Tag Archives: cleaning

An Open Letter to my Dishwasher…

I hate you, dishwasher. I hate you so much.

Seriously, so much. Like, if you were on fire and I really had to pee, I’d still use the toilet. Because you know what? The toilet doesn’t constantly remind me what a failure at housekeeping I am. Sure, it starts to murmur something after too many weeks of neglect but you…oooooh…YOU.

There you are, everyday, just sitting there. Needing something. You always need something. Need emptied. Need filled. Need the gunk from your bottom scraped out because someone (FINE! ME!) was too lazy to scrape the dishes beforehand.

Oh. OH! And don’t even get me started on your job performance. You literally have one job to do. Hell, it’s in your very name!

Dish. Washer.

And yet, it never fails. I pull a supposedly “clean” glass out of you only to discover the fruits of your labor have left behind a weird crust on the bottom of it. Or I pull a plate out only to find you were too lazy to get ALL the ketchup off. Oh! And my personal favorite, the pan you decided to completely ignore even though I soaked it in hot water and soap for two hours beforehand to try and help you out.
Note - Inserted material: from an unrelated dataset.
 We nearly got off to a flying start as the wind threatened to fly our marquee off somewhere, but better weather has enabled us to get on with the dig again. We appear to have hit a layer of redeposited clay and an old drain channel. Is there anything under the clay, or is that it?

I just don’t get it, dishwasher. What did I ever do to you to deserve this? The Great Thanksgiving Overload Incident of 2011 notwithstanding (WHICH I apologized profusely for already). I mean, none of my other appliances are nearly as needy and underachieving as you are. For example, your cousins, the washer and dryer, do their jobs incredibly well, even going above and beyond on those rare (and/or weekly) occasions when I happen to spill wine on myself.
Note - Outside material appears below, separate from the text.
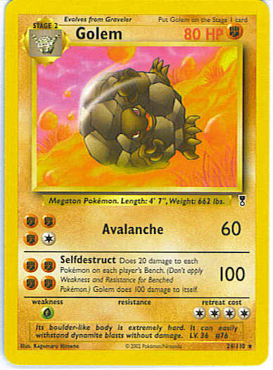 [FFFF] Selfdestruct (100) Does 20 damage to each Pokemon on each player's Bench. (Don't apply Weakness and Resistance for Benched Pokemon.) Golem does 100 damage to itself.
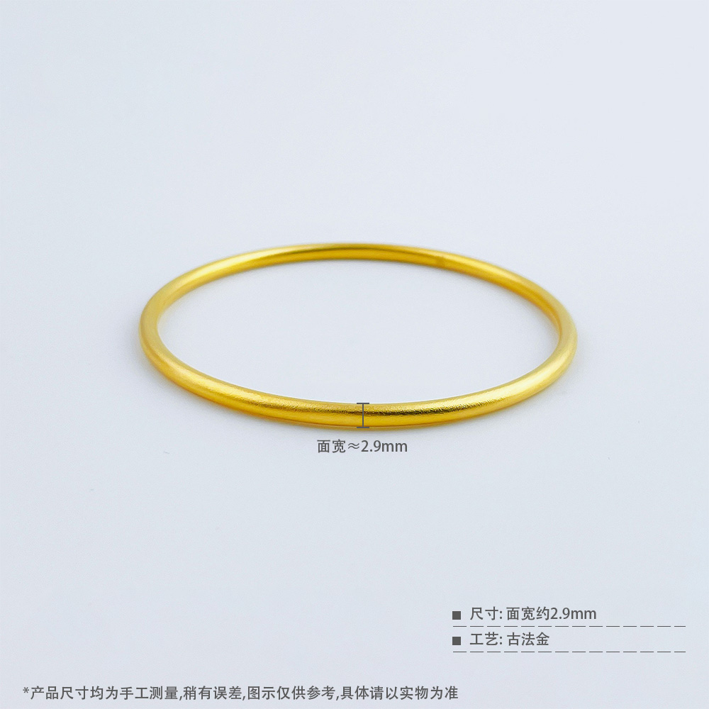 【限时克减150元】足金999 #超轻 古法素圈空心超轻加硬圆管固口手镯(面宽约2.7-3.1mm)(AUQGFSZ00068-1)预售产品下单后不退款不退货不换货不补差价

Your nemesis, the stove, doesn’t constantly remind me it needs attention with a giant pile of dirty dishes overflowing from the sink. The fridge? Only needs emptied and refilled with actual edible food when out-of town guests are coming over (and then only if I really like them). The TV? Well, that glorious machine…no, you know what? That’s not even close to a fair comparison. The TV is pretty much my soul mate with my husband coming in at a distance second, so let’s not even go there.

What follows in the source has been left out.